### Work order
Exactly as written, please set down all of the entries again, with no pictures.

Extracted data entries
========
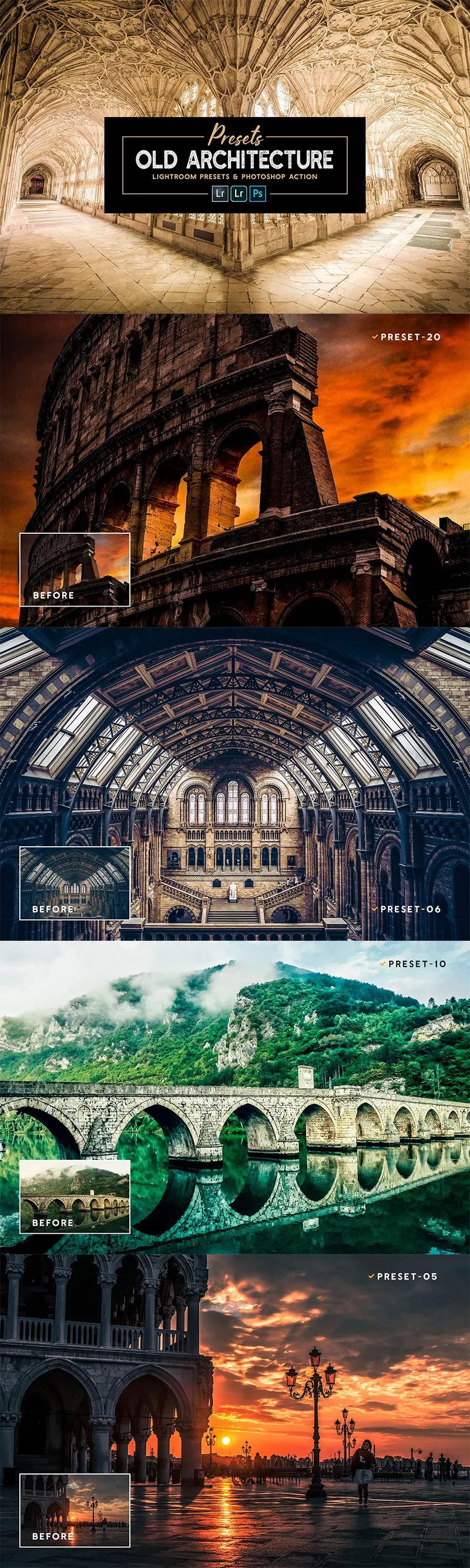 古い建築物やインテリアを魅力的にする、特別な30のPhotoshopアクションと、Lightroomプリセットがどちらも揃ったお得な素材集。
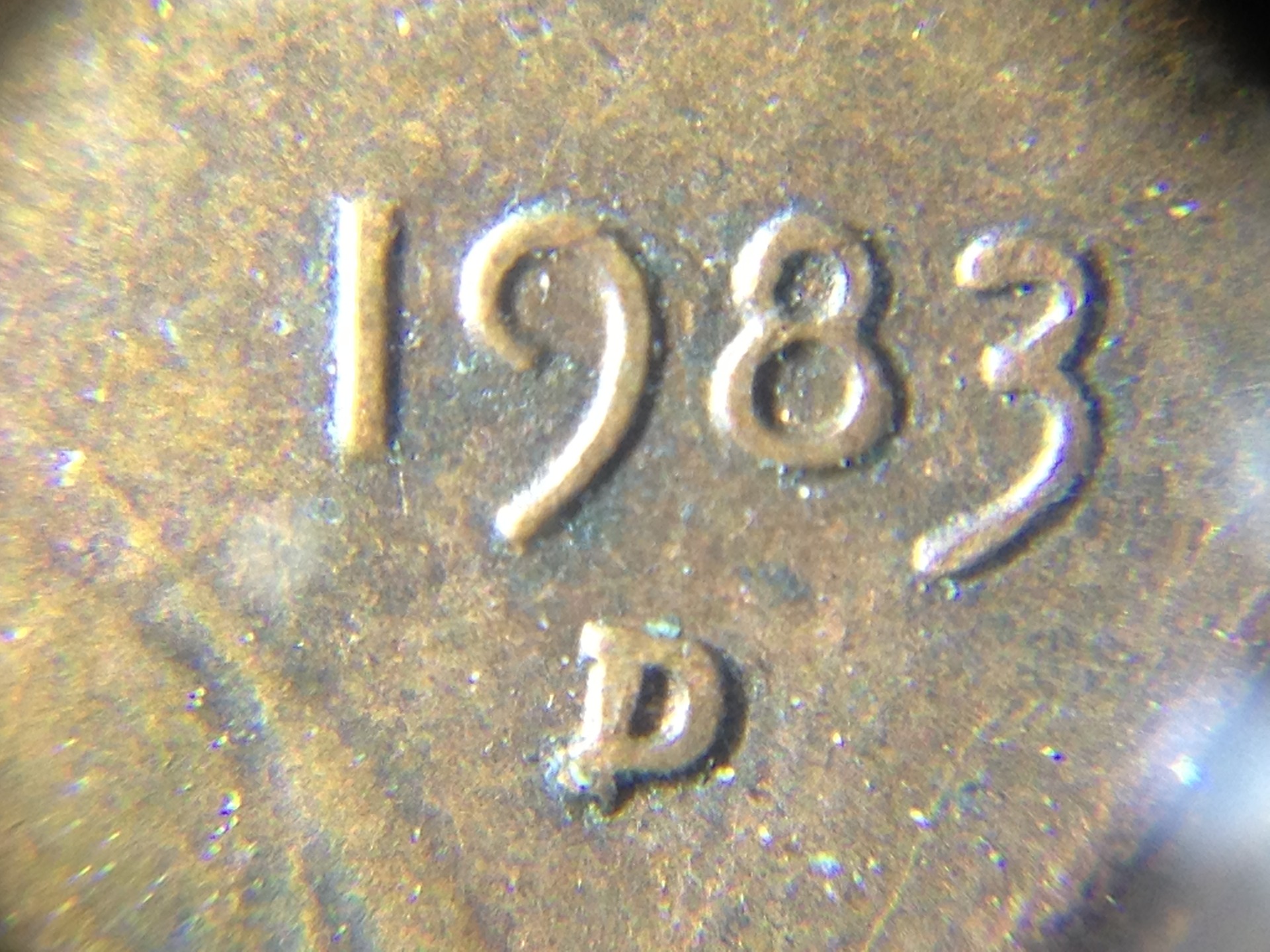 the 83 one has a zinc rot hole in the copper plating on the bottom of the D mintmark. the 69 one looks like a normal circulated coin from years of use.
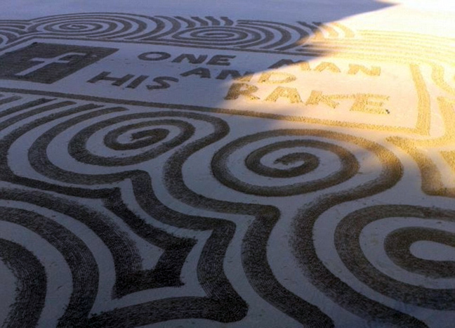 Ο καλλιτέχνης χρησιμοποιεί μόνο μια τσουγκράνα, για να σχεδιάσει εντυπωσιακά σχέδια στη άμμο γνωρίζοντας καλά ότι πολύ σύντομα θα εξαφανιστούν από την παλίρροια.
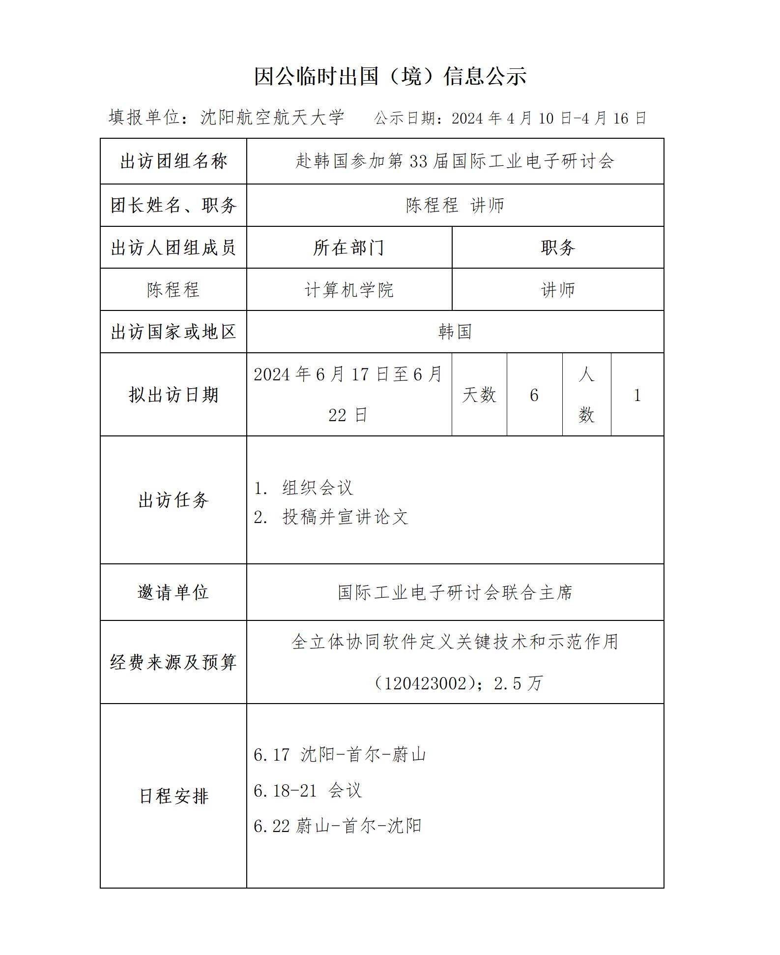 应国际工业电子研讨会联合主席赵康贤的邀请,beat365拟组派陈程程同志于2024年6月17日至6月22日赴韩国作为特邀会议组织者参加2024年第33届国际工业电子研讨会,并做会议报告。按照省外办有关最新管理规定,现就此计划予以公示。公示日期:2024年4月10日-4月16日。如有异议,可在公示期内与外事处联系,电话:024-89724878,邮箱: foreignaffairs@sau.edu.cn 。
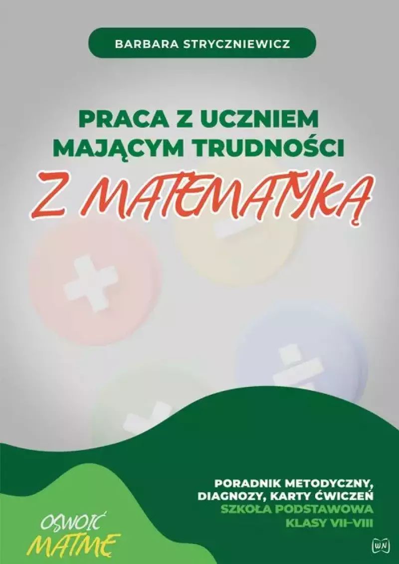 W prezentowanej książce Autorka starała się przedstawić sposób pracy z uczniami klas VII i VIII szkoły podstawowej na zajęciach zespołu wyrównawczego z matematyki. Propozycje te można wykorzystać również podczas lekcji (karty pracy jako zadania dodatkowe dla uczniów uzyskujących niższe wyniki nauczania). Materiały zawarte w książce pomogą zorganizować pracę nauczyciela z uczniami mającymi trudności w uczeniu się matematyki. W książce znajdują się: sprawdziany wstępne w klasach VII–VIII, sprawdziany – badania wyników po okresie I semestru w każdej klasie, kartkówki kontrolne do każdej klasy, karty analizy sprawdzianów wstępnych i badania wyników po I semestrze oraz kartkówek, karty ćwiczeń oznaczone np. K1, K2 itp., odpowiedzi do sprawdzianów i kartkówek.
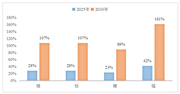 根據(jù)全球新能源汽車銷售預測分析,2025年全球累計退役動力電池將達281萬噸(約327GWh),而通過回收全球動力電池可再生的鋰、鈷、鎳、錳資源量分別約占當年需求量的28%、28%、23%、42%;2030年全球累計退役動力電池將達2029萬噸(約2123GWh),通過回收全球動力電池可再生的鋰、鈷、鎳、錳資源量分別約占當年需求量的107%、107%、89%、161%。
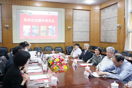 2011年5月27日下午,唐仲英教育基金會董事長唐仲英、執(zhí)行董事徐小春、唐仲英基金會江蘇辦事處主任孫幼帆、唐仲英基金會指導老師劉裕品一行四人來到北京大學,與校領導及獲獎學生進行會面。北京大學常務副書記、副校長張彥,校長助理、教育基金會秘書長鄧婭,校長助理、社會科學部部長李強,校長助理、黨辦校辦主任、學生工作部部長馬化祥,以及各相關部門代表和部分唐仲英獎學金獲獎學生參加了此次會談。會談在辦公樓禮堂103室進行。
========
### Answer to this task
 古い建築物やインテリアを魅力的にする、特別な30のPhotoshopアクションと、Lightroomプリセットがどちらも揃ったお得な素材集。
 the 83 one has a zinc rot hole in the copper plating on the bottom of the D mintmark. the 69 one looks like a normal circulated coin from years of use.
 Ο καλλιτέχνης χρησιμοποιεί μόνο μια τσουγκράνα, για να σχεδιάσει εντυπωσιακά σχέδια στη άμμο γνωρίζοντας καλά ότι πολύ σύντομα θα εξαφανιστούν από την παλίρροια.
 应国际工业电子研讨会联合主席赵康贤的邀请,beat365拟组派陈程程同志于2024年6月17日至6月22日赴韩国作为特邀会议组织者参加2024年第33届国际工业电子研讨会,并做会议报告。按照省外办有关最新管理规定,现就此计划予以公示。公示日期:2024年4月10日-4月16日。如有异议,可在公示期内与外事处联系,电话:024-89724878,邮箱: foreignaffairs@sau.edu.cn 。
 W prezentowanej książce Autorka starała się przedstawić sposób pracy z uczniami klas VII i VIII szkoły podstawowej na zajęciach zespołu wyrównawczego z matematyki. Propozycje te można wykorzystać również podczas lekcji (karty pracy jako zadania dodatkowe dla uczniów uzyskujących niższe wyniki nauczania). Materiały zawarte w książce pomogą zorganizować pracę nauczyciela z uczniami mającymi trudności w uczeniu się matematyki. W książce znajdują się: sprawdziany wstępne w klasach VII–VIII, sprawdziany – badania wyników po okresie I semestru w każdej klasie, kartkówki kontrolne do każdej klasy, karty analizy sprawdzianów wstępnych i badania wyników po I semestrze oraz kartkówek, karty ćwiczeń oznaczone np. K1, K2 itp., odpowiedzi do sprawdzianów i kartkówek.
 根據(jù)全球新能源汽車銷售預測分析,2025年全球累計退役動力電池將達281萬噸(約327GWh),而通過回收全球動力電池可再生的鋰、鈷、鎳、錳資源量分別約占當年需求量的28%、28%、23%、42%;2030年全球累計退役動力電池將達2029萬噸(約2123GWh),通過回收全球動力電池可再生的鋰、鈷、鎳、錳資源量分別約占當年需求量的107%、107%、89%、161%。
 2011年5月27日下午,唐仲英教育基金會董事長唐仲英、執(zhí)行董事徐小春、唐仲英基金會江蘇辦事處主任孫幼帆、唐仲英基金會指導老師劉裕品一行四人來到北京大學,與校領導及獲獎學生進行會面。北京大學常務副書記、副校長張彥,校長助理、教育基金會秘書長鄧婭,校長助理、社會科學部部長李強,校長助理、黨辦校辦主任、學生工作部部長馬化祥,以及各相關部門代表和部分唐仲英獎學金獲獎學生參加了此次會談。會談在辦公樓禮堂103室進行。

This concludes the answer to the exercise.